Stand: 07/2026 · Quelle: EUR-Lex: RL (EU) 2022/2555 · → Ausführlich
Size-cap-Regel
Die Size-cap-Regel knüpft die NIS2-Betroffenheit grundsätzlich an die Unternehmensgröße: Erst ab mittlerer Größe greift die Richtlinie – mit Ausnahmen für größenunabhängig erfasste Einrichtungen.
Stand: 07/2026 · Quelle: EUR-Lex: RL (EU) 2022/2555
Meldekette (24h/72h/1M)
Die NIS2-Meldekette staffelt die Vorfallmeldung: Frühwarnung binnen 24 Stunden, Meldung binnen 72 Stunden und Abschlussbericht binnen eines Monats nach Kenntnis eines erheblichen Vorfalls.

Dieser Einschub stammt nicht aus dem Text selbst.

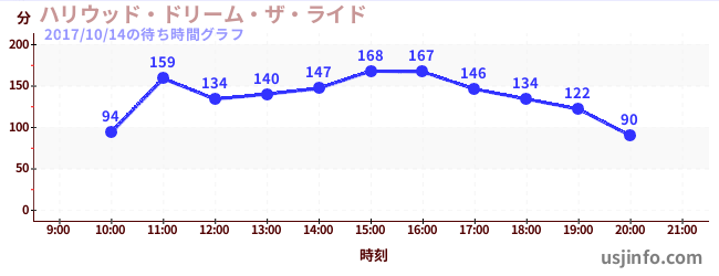 • ハリウッド・ドリーム・ザ・ライド$B$N(B2017年10月14日の待ち時間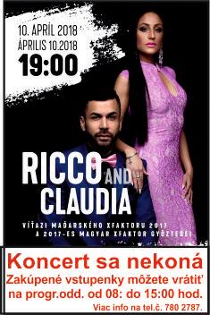 A Galántai Városi Művelődési Központban április 10-én, kedden 19.00 órakor Ricco és Claudia adnak koncertet.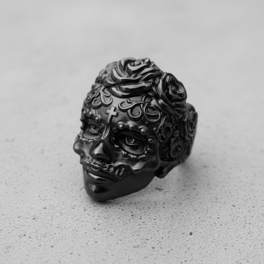 Oxidized silver sugar skull ring showcasing intricate scrollwork and floral details, angled on a textured gray background. Oxidized silver sugar skull ring showcasing intricate scrollwork and floral details, angled on a textured gray background.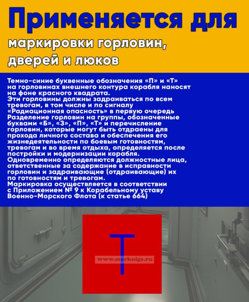 Применяется для маркировки горловин, дверей и люков, расположенных выше первой палубы, проходящей над ватерлинией, и вошедших в группу горловин с буквами "Б" и "З", а также горловин, ведущих в герметичные помещения, расположенных ниже этой палубы, обозначают буквой "Т". Цвет букв и колец темно-синий.

Auch: Meldepflicht, Art. 23. Stand: 07/2026 · Quelle: EUR-Lex: RL (EU) 2022/2555
NIS2-Registrierung
Betroffene Einrichtungen müssen sich bei der zuständigen Behörde – in Deutschland dem BSI – registrieren und Stammdaten wie Sektor, Kontaktstelle und erbrachte Dienste bereitstellen.
Stand: 07/2026 · Quelle: BSI: NIS-2 · → Ausführlich
Geschäftsleitungspflicht
NIS2 nimmt die Leitungsorgane in die Pflicht: Sie müssen die Risikomanagement-Maßnahmen billigen, ihre Umsetzung überwachen und geschult werden – mit persönlicher Verantwortlichkeit bei Verstößen.
Auch: Art. 20. Stand: 07/2026 · Quelle: EUR-Lex: RL (EU) 2022/2555
KRITIS
KRITIS bezeichnet Anlagen von hoher Versorgungsrelevanz, deren Betreiber nach deutschem Recht besondere Sicherheits- und Nachweispflichten gegenüber dem BSI erfüllen müssen.
Auch: Kritische Infrastrukturen. Stand: 07/2026 · Quelle: BSI: NIS-2 · → Ausführlich
Zuständige Behörde
Die zuständige Behörde überwacht die Einhaltung von NIS2 und nimmt Vorfallmeldungen entgegen. In Deutschland ist dafür in weiten Teilen das BSI verantwortlich.
Stand: 07/2026 · Quelle: BSI: NIS-2
DORA
DORA-Verordnung
DORA (Verordnung (EU) 2022/2554) schafft einen einheitlichen Rahmen für die digitale operationale Resilienz des EU-Finanzsektors und gilt seit dem 17. Januar 2025 unmittelbar.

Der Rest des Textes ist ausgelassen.